Try it:
Would you print the lines below exactly, beginning at the line that has "Un bas vraiment" and stopping after the line that has "Расширить набор функций"? Only those lines, and no pictures.

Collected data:
=== Section Start ===
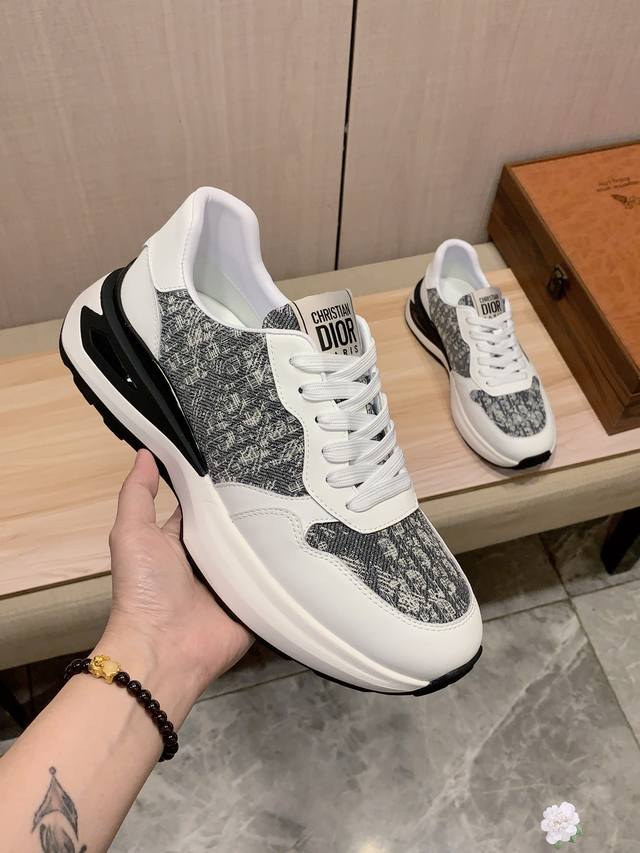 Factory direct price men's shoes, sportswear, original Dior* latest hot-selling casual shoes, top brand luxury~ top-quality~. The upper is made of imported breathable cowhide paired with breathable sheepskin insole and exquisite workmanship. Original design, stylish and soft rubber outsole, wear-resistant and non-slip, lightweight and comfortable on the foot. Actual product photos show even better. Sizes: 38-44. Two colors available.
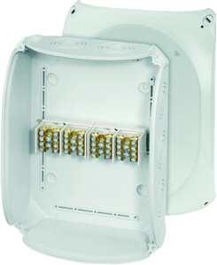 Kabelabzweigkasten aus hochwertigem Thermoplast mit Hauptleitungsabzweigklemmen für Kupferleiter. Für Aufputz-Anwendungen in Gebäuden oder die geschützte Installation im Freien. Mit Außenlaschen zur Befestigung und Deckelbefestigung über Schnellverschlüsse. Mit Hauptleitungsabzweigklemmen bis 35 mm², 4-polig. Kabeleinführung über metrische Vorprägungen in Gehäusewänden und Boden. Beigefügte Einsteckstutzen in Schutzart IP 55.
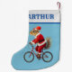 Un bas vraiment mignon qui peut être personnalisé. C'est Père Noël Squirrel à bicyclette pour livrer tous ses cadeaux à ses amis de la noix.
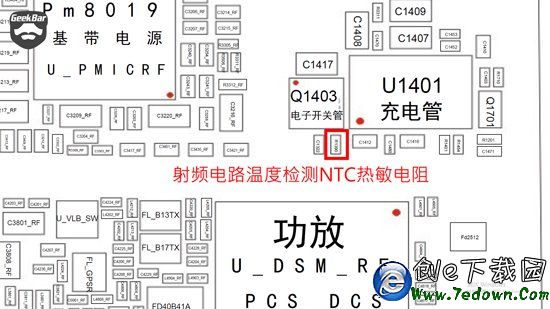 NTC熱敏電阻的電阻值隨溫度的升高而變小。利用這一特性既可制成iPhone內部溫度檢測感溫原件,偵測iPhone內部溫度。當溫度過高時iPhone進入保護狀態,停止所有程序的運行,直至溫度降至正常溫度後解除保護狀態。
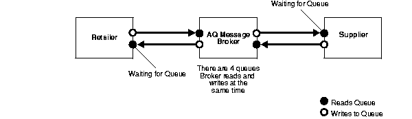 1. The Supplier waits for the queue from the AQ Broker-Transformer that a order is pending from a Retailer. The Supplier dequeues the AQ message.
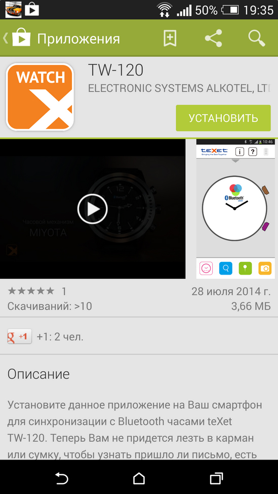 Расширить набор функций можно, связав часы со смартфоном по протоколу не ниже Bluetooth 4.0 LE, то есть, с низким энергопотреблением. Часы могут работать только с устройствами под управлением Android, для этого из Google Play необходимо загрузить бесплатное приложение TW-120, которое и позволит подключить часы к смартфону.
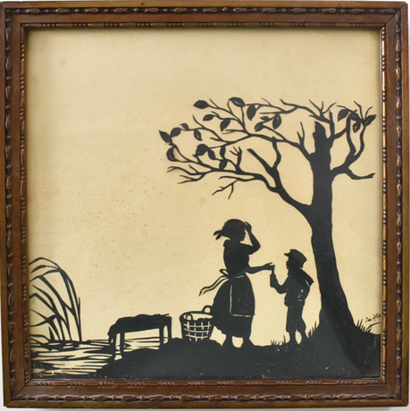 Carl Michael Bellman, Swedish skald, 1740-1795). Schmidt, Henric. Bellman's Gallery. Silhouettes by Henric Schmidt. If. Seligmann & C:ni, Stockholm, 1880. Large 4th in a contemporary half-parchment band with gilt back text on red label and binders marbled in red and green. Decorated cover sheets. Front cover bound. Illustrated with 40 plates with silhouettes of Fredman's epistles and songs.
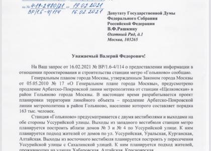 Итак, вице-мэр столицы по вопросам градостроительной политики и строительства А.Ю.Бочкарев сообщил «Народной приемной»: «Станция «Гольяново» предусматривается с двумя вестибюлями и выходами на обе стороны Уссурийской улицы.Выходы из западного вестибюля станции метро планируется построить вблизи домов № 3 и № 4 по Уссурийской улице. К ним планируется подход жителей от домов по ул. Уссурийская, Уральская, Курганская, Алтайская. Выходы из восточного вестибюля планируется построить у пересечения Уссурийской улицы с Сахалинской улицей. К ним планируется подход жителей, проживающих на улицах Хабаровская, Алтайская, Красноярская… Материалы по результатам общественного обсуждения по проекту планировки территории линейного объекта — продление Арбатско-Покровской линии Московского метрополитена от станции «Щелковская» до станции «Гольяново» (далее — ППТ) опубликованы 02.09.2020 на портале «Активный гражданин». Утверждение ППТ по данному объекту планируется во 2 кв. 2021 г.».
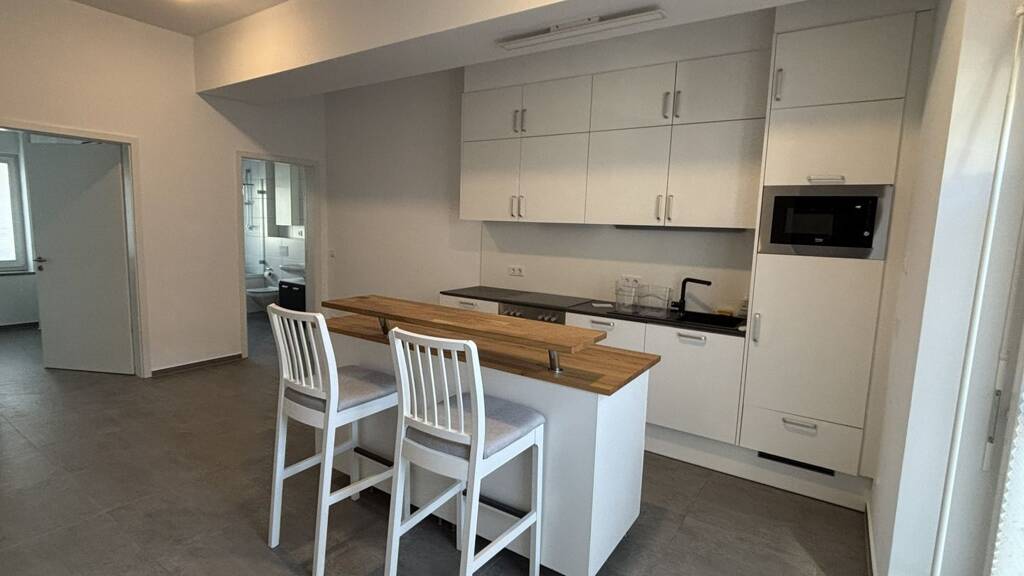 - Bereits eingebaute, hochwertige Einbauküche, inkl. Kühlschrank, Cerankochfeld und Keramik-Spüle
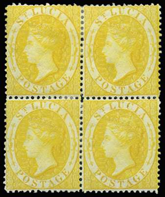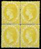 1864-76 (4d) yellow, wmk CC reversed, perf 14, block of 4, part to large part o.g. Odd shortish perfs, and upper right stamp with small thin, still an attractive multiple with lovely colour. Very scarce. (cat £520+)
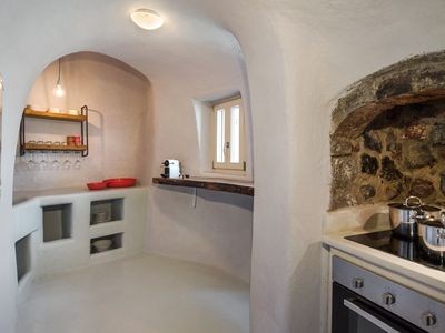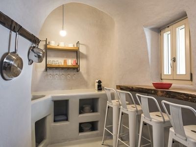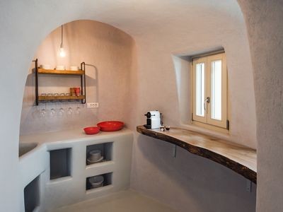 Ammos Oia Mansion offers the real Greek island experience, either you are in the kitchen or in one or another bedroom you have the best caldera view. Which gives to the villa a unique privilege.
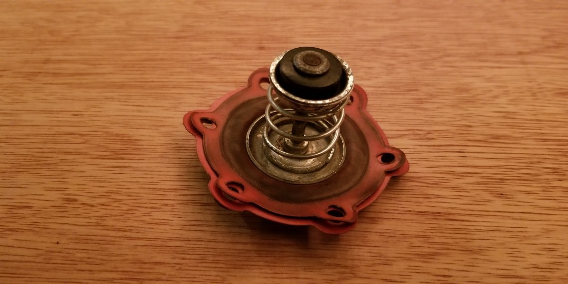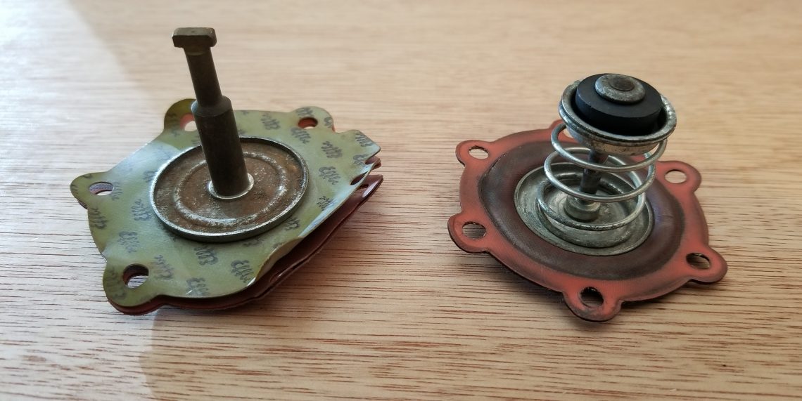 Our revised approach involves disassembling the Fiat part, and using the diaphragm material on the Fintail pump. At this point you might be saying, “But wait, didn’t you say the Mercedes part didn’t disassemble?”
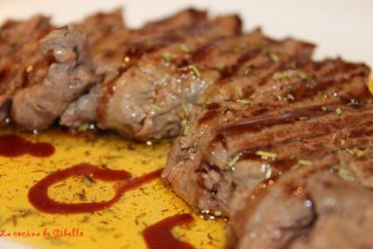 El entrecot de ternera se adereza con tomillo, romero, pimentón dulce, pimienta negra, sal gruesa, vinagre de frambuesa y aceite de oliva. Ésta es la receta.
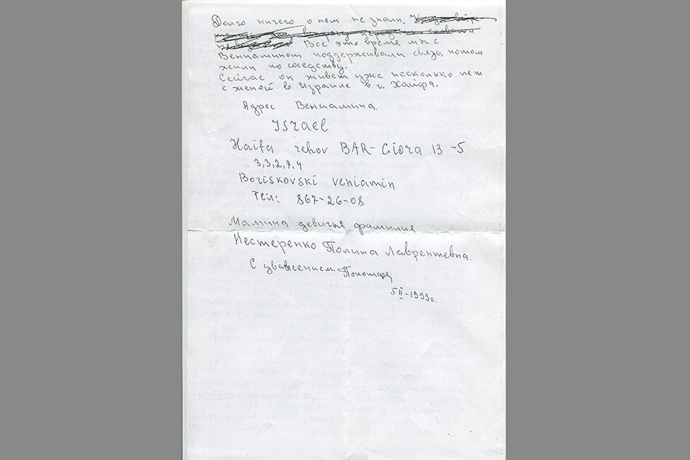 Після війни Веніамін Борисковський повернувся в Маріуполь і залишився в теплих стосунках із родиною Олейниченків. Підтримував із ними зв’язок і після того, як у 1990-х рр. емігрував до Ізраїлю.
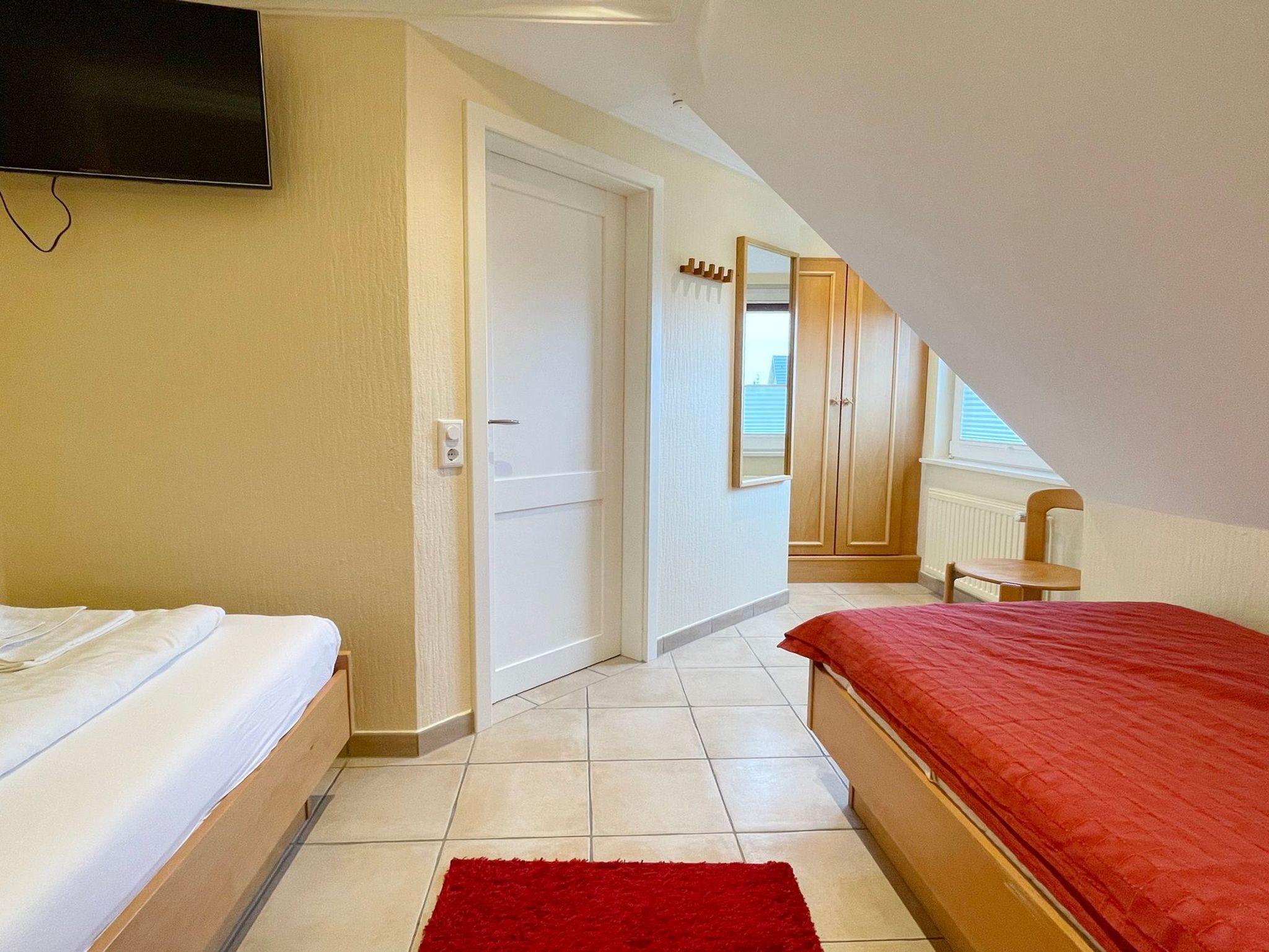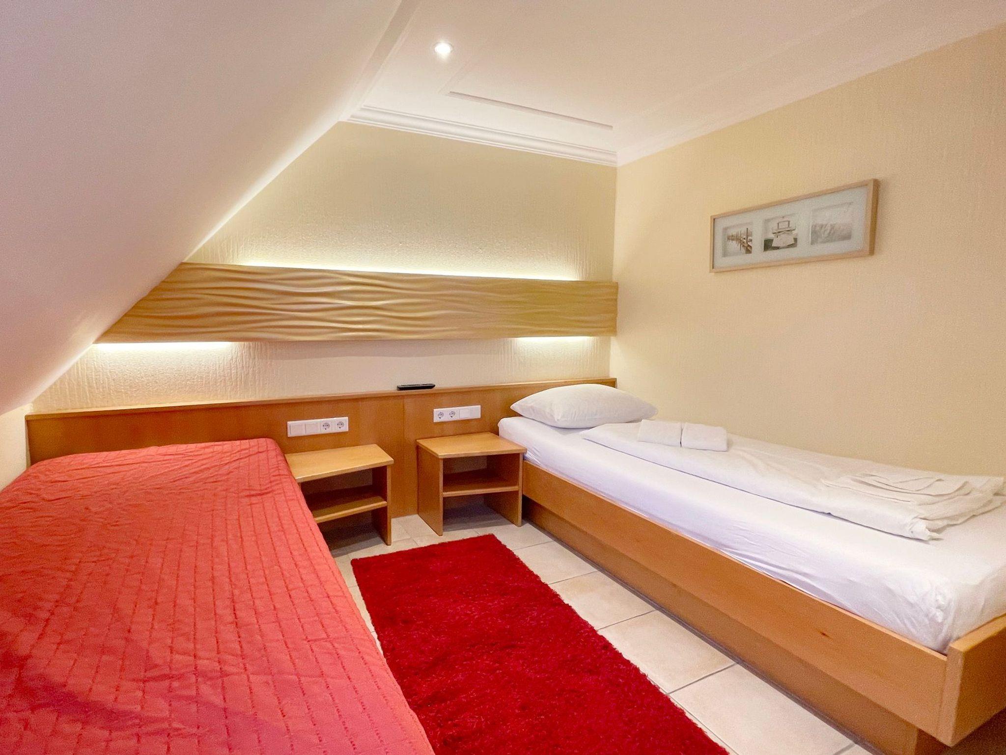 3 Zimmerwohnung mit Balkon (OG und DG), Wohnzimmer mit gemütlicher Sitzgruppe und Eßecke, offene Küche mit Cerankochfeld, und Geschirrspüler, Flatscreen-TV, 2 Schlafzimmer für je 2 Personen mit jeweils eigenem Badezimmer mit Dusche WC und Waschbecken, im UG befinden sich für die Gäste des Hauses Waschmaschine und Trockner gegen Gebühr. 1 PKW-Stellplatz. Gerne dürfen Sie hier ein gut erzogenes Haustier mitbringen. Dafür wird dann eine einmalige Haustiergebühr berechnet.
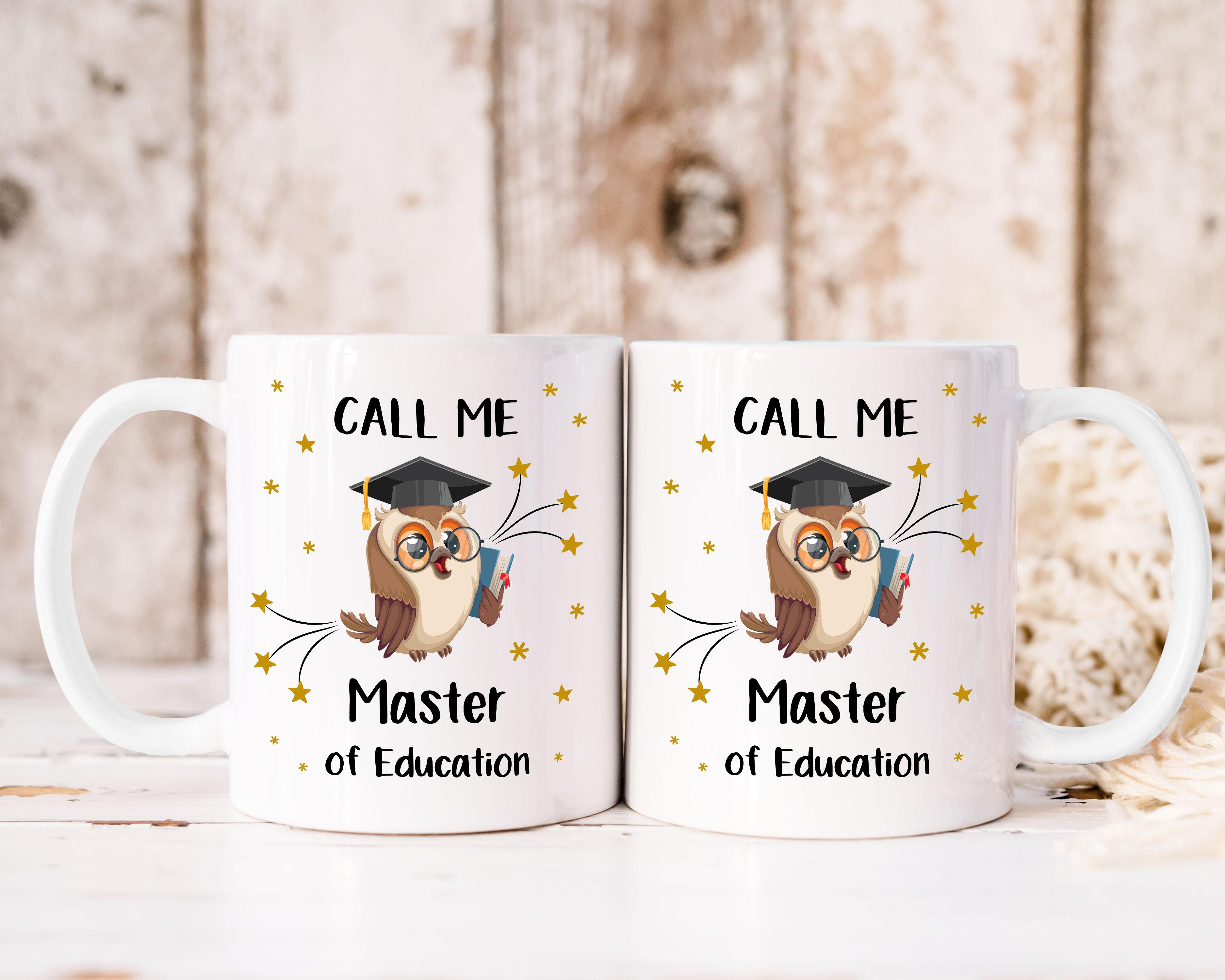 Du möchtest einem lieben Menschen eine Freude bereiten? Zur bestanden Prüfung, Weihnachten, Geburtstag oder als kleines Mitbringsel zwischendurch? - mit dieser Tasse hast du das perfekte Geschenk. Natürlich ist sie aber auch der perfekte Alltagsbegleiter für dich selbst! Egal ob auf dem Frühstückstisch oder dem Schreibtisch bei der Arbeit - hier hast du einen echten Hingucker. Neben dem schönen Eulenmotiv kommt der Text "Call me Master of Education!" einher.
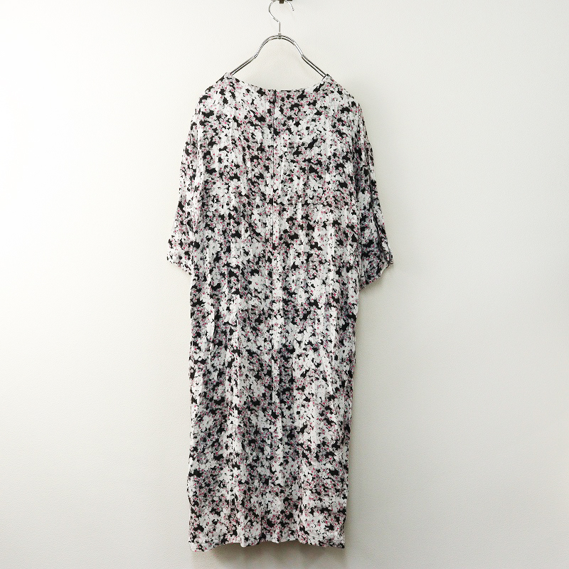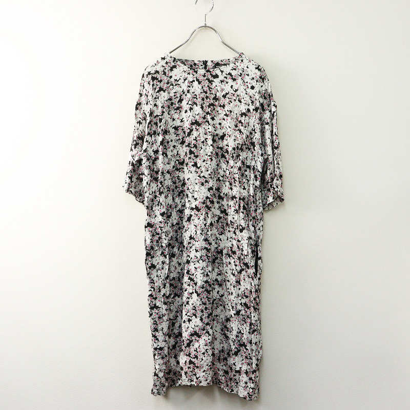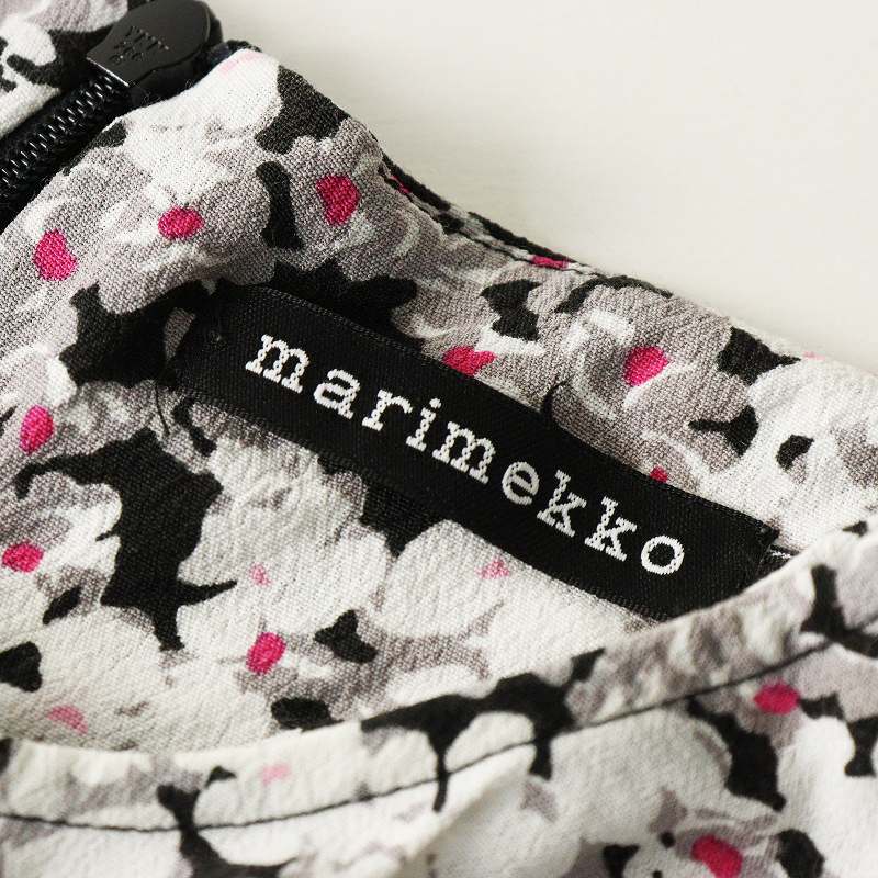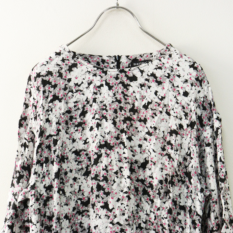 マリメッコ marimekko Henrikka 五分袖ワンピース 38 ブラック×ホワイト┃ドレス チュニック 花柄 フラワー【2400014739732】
=== Section End ===
Exercise output:
 Un bas vraiment mignon qui peut être personnalisé. C'est Père Noël Squirrel à bicyclette pour livrer tous ses cadeaux à ses amis de la noix.
 NTC熱敏電阻的電阻值隨溫度的升高而變小。利用這一特性既可制成iPhone內部溫度檢測感溫原件,偵測iPhone內部溫度。當溫度過高時iPhone進入保護狀態,停止所有程序的運行,直至溫度降至正常溫度後解除保護狀態。
 1. The Supplier waits for the queue from the AQ Broker-Transformer that a order is pending from a Retailer. The Supplier dequeues the AQ message.
 Расширить набор функций можно, связав часы со смартфоном по протоколу не ниже Bluetooth 4.0 LE, то есть, с низким энергопотреблением. Часы могут работать только с устройствами под управлением Android, для этого из Google Play необходимо загрузить бесплатное приложение TW-120, которое и позволит подключить часы к смартфону.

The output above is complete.